Problem: Your crew is too dependent on computers, making them vulnerable to crashes and uneducated in restaurant basics left to POS machines.

Solution: Crash the computers yourself without telling your staff and make them learn how to live without.

It’s not that George McKerrow hates computers. He just hates what computers do to restaurant workers.

A 30-year industry veteran, McKerrow, founder of Longhorn Steakhouse and, more recently, co-founder (with Ted Turner) of Ted’s Montana Grill, remembers taking restaurants public as late as 1990—without the help of computers.

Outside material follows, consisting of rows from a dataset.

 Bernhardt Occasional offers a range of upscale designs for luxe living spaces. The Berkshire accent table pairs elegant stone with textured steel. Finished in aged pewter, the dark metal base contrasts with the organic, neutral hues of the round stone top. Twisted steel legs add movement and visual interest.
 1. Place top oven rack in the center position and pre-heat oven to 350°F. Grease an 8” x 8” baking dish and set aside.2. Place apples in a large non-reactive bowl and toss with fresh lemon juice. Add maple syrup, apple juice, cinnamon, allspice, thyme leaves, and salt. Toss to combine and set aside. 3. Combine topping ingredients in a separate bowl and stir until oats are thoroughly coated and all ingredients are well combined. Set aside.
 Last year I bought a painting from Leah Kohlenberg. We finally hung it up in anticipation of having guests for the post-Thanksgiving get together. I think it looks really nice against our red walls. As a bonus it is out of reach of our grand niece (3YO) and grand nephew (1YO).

“I miss those good old days,” he says. “Our management teams had a much more thorough understanding of guest satisfaction. And that’s because they had to live it to gather that information. They didn’t get it from a computer. What’s missing in our industry, and in society in general, is the up close and personal.”

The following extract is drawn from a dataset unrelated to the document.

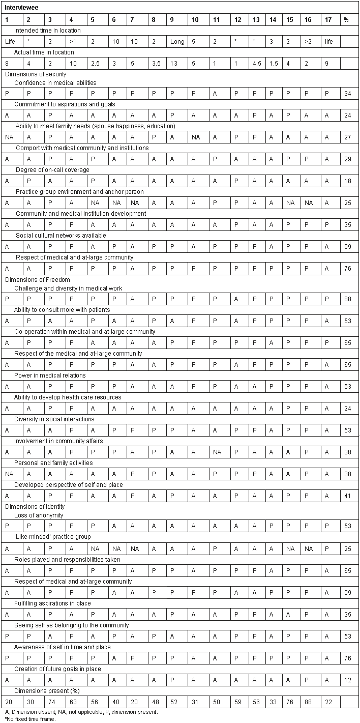 In reviewing the individual transcripts, we assessed whether each dimension was raised either positively (present) or negatively (absent) and, in the event that no mention of a dimension was made, it was also coded as absent. Not all dimensions were applicable to all interviewed practitioners (eg 'family' for an unmarried practitioner; and 'group' for a solo practitioner). Comparisons were made between each practitioner's early expectations and their later experiences in order to determine the strength and direction of the evidence for each dimension and in an attempt to nullify purely negative responses relating to the time of departure.

McKerrow isn’t ready to do away with his chain’s computers altogether—“They give some useful information”—but he is doing the next best thing: “I’m causing an artificial crash.”

In coordination with regional and store managers, McKerrow shuts down one of his unit’s computer systems every so often. He gives the crew no prior notice.

“It’s a controversial thing with operators,” he admits. “They feel it’s a drastic step. I feel it’s important.  ”When the computers go down, “crash kits” are issued, complete with pens, pencils, paper guest checks, calculators and even candles and flashlights. For two hours servers have to write up tickets, calculate tax and basically rethink the way they do their jobs. Managers have to manually enter information at the end of the night.   “I’m trying to get a competitive edge here,” McKerrow says. “I don’t want my crew panicking if the computer goes down.”

And, he says, he’s trying to instill some of the good old days in his workers.

“I think this younger generation, they’re too comfortable with computers,” he says. “When in doubt, they’re going to rely on computers rather than their own instincts. Well, computers can’t tell you how to run a restaurant.”